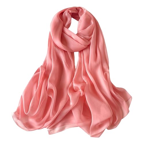 Lina & Lily skrynklig chiffong damhalsduk sjal vår sommar ren silkeslen fjäderlätt, Korall, 72 cm x 185 cm
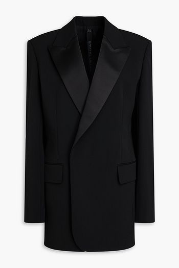 Asymmetric striped linen, cashmere and silk-blend sweater
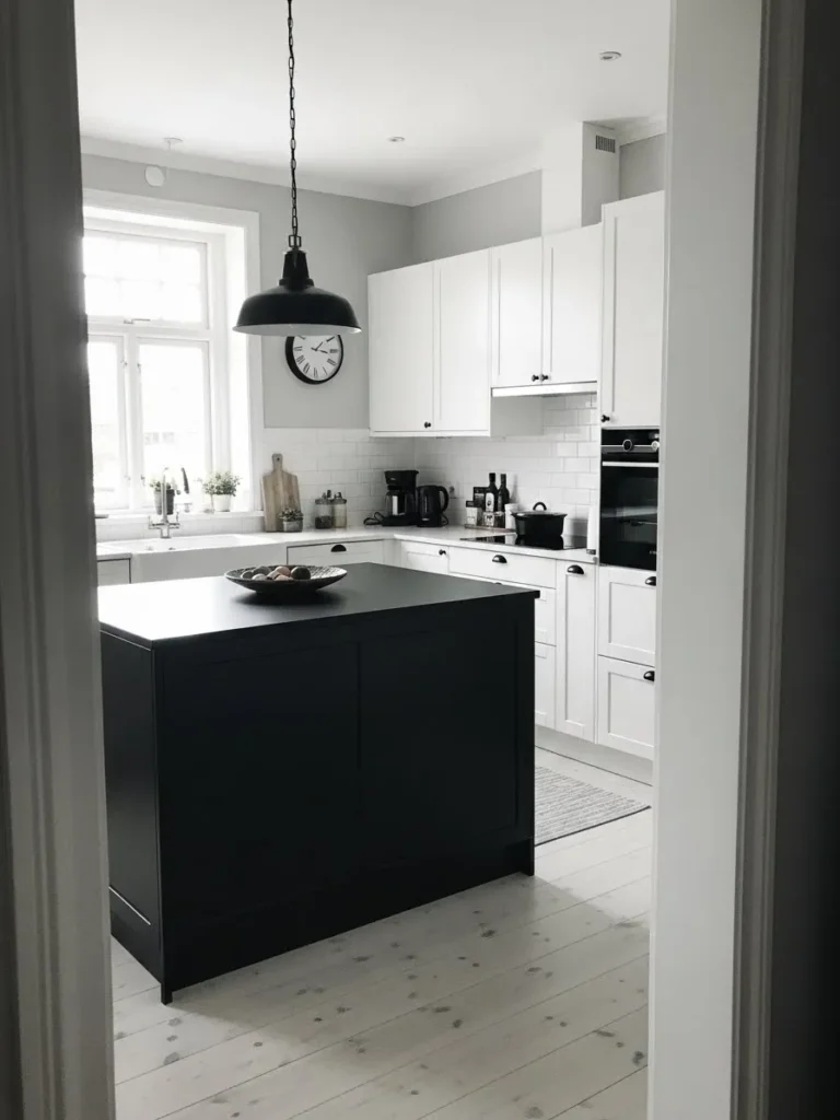 I’m such a fan of this kind of contrast because it creates instant personality without any fuss. The mix of black and white feels strong yet easy to style. I also love how the simple lines make the kitchen feel calm the moment you look at it. It feels like the kind of space where you would actually enjoy starting your morning.
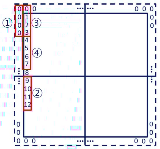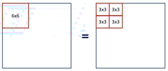 The convolution operation with a 6 × 6 kernel is performed by executing the convolution operation with a 3 × 3 kernel on the KU. Figure 7 illustrates the segmentation of a convolution operation using a 6 × 6 kernel into four 3 × 3 kernels for processing with the proposed design. In this mode, the input feature data for each convolution operation with a 3 × 3 kernel process a dedicated part of the whole input data, with overlapped contents. To calculate the final output of the convolution operation with a 6 × 6 kernel, we use a two-stage adder tree after finishing convolutions in the FDCAs.
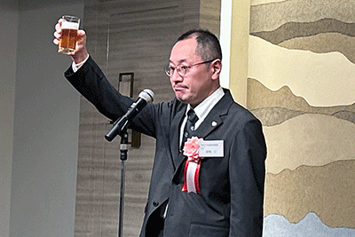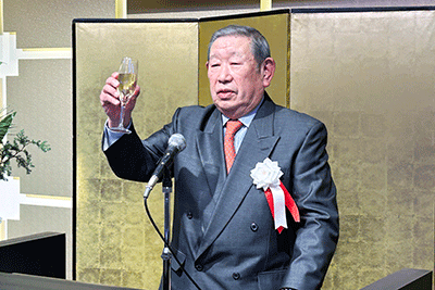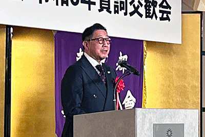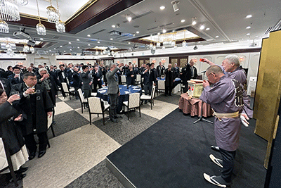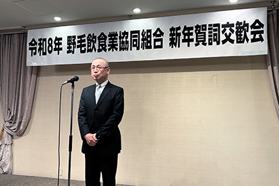 野毛飲食業協同組合令和8年新年賀詞交歓会がブリーズベイホテルで開かれました。同協同組合・谷川不二映総務部長の司会で福田雄次理事から開会の辞がなされました。
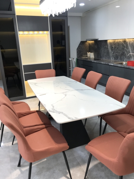 Hình 2: Bàn ghế ăn mặt đá hiện đại thực tế giao khách tại Quận 2, Tp.HCM
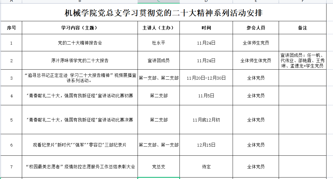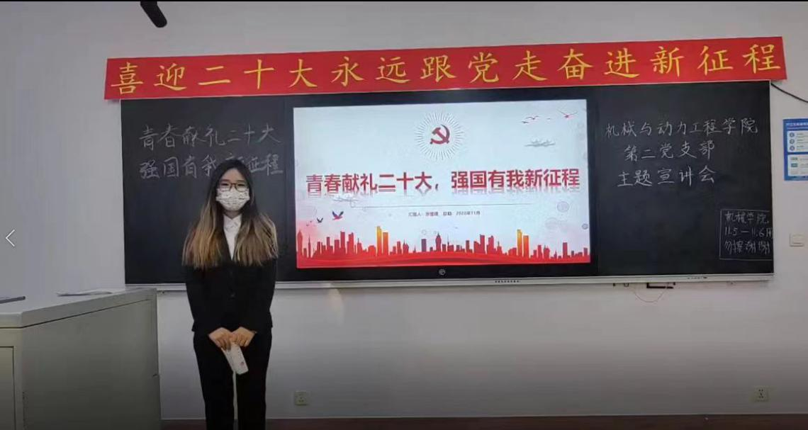 机械与动力工程学院成立党的二十大精神宣讲团,宣讲团由机械与动力工程学院党总支委员会委员及学生党员组成,主要围绕党的二十大报告及新修订的党章展开宣讲活动,面向全院师生进行宣讲。
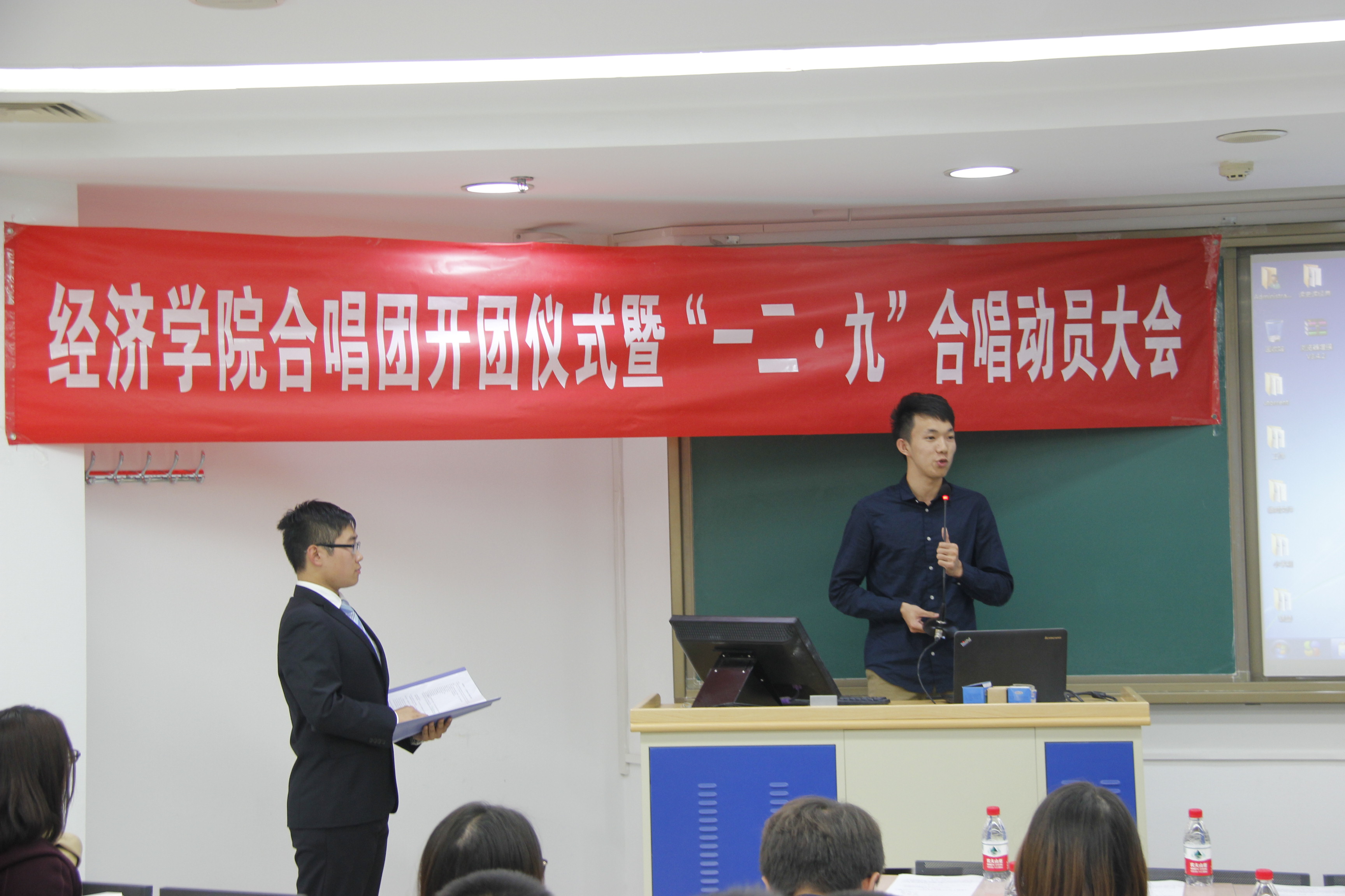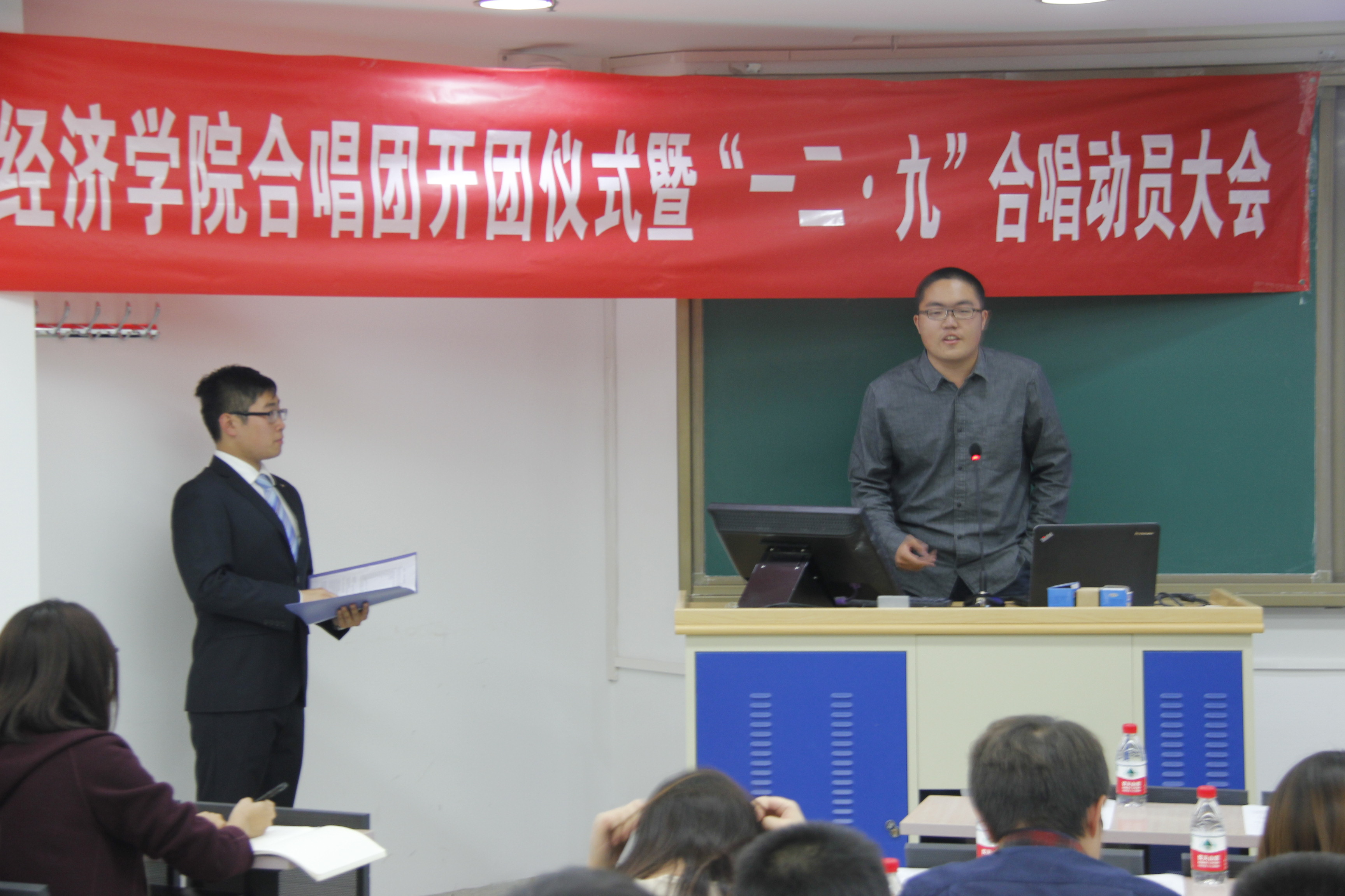 刘瀚元发言完毕后,Hcoimc 团委副书记王睿同学宣读了合唱团章程。章程要求合唱团本着丰富师生文化生活,发展经院文艺事业的宗旨,踏踏实实工作,认认真真排演,实实在在地把经院合唱团打造成高水平的学生文艺团体。
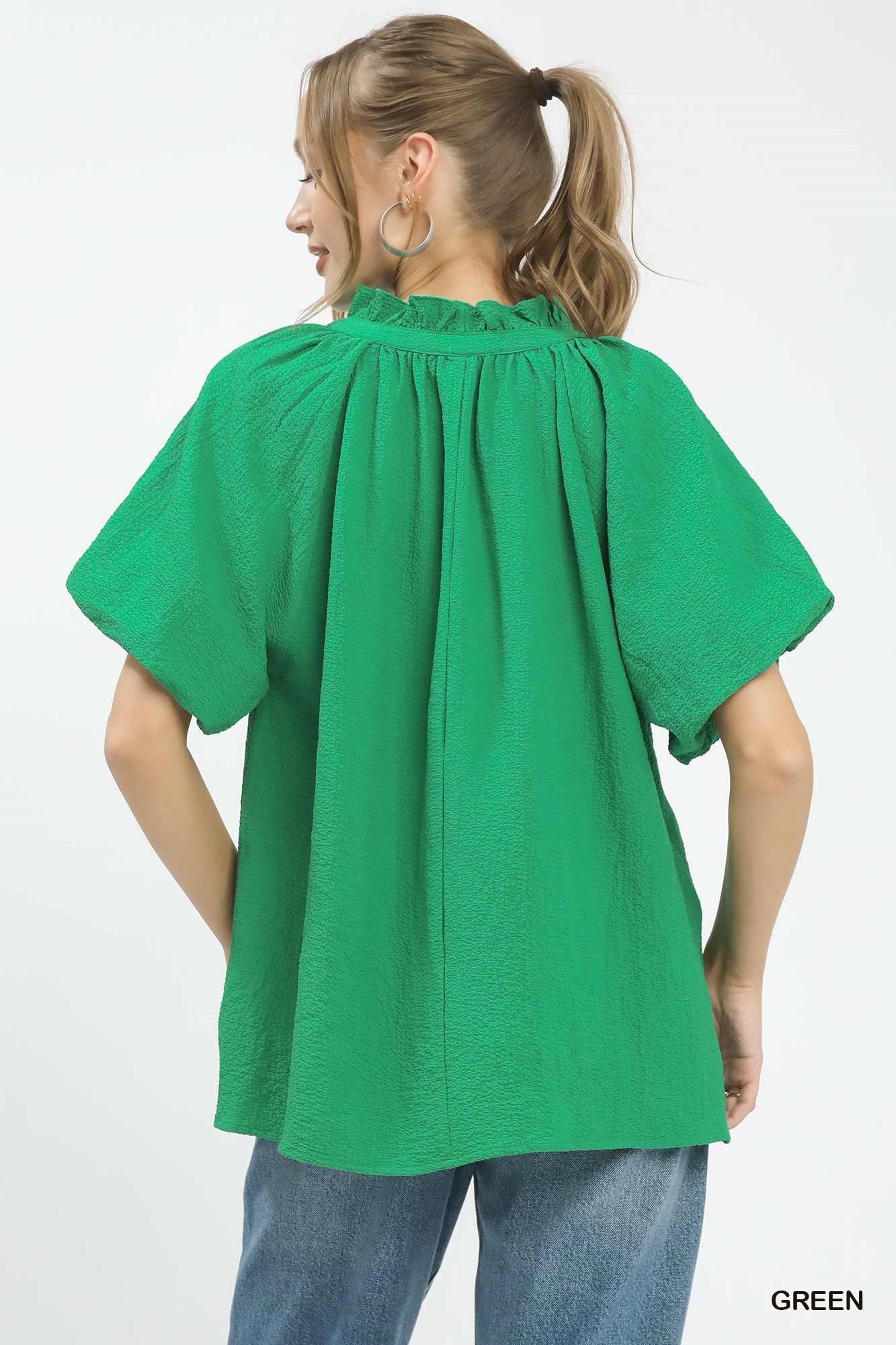 Umgee Puff Sleeve Ruffle Neck Tunic Blouse
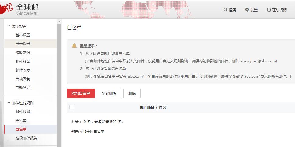 (例:在域名白名单中设置"abc.com",来自该站点的邮件仅受用户自定义规则影响,确保你收到"@abc.com"发来的所有邮件。)
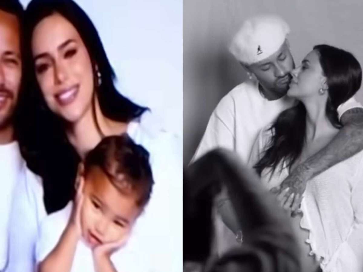 Grávida, influenciadora Bruna Biancardi mostra bastidores de ensaio fotográfico com o jogador Neymar e com a filha, Mavie
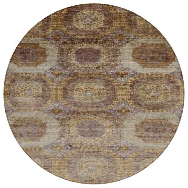 Chantille Machine Washable Indoor/Outdoor Abstract ACN1944 Rust 8 ft. x 8 ft. Round Rug
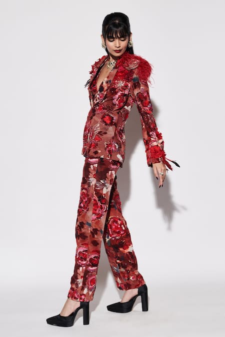 Red jacket featuring all-over floral print with 3D embroidered corsages, Resham, and sequins. Paired with a floral printed bralette and coordinating trouser highlighted with sequins.
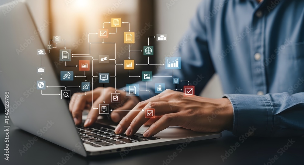 A person typing on a laptop with colorful flowchart icons coming out of it #1642123786

.....

Aim of the exercise = Only the line with "I’m such a fan" and those preceding it, back to the first line of the entries, should be repeated exactly, without pictures.

Worked solution =
 Lina & Lily skrynklig chiffong damhalsduk sjal vår sommar ren silkeslen fjäderlätt, Korall, 72 cm x 185 cm
 Asymmetric striped linen, cashmere and silk-blend sweater
 I’m such a fan of this kind of contrast because it creates instant personality without any fuss. The mix of black and white feels strong yet easy to style. I also love how the simple lines make the kitchen feel calm the moment you look at it. It feels like the kind of space where you would actually enjoy starting your morning.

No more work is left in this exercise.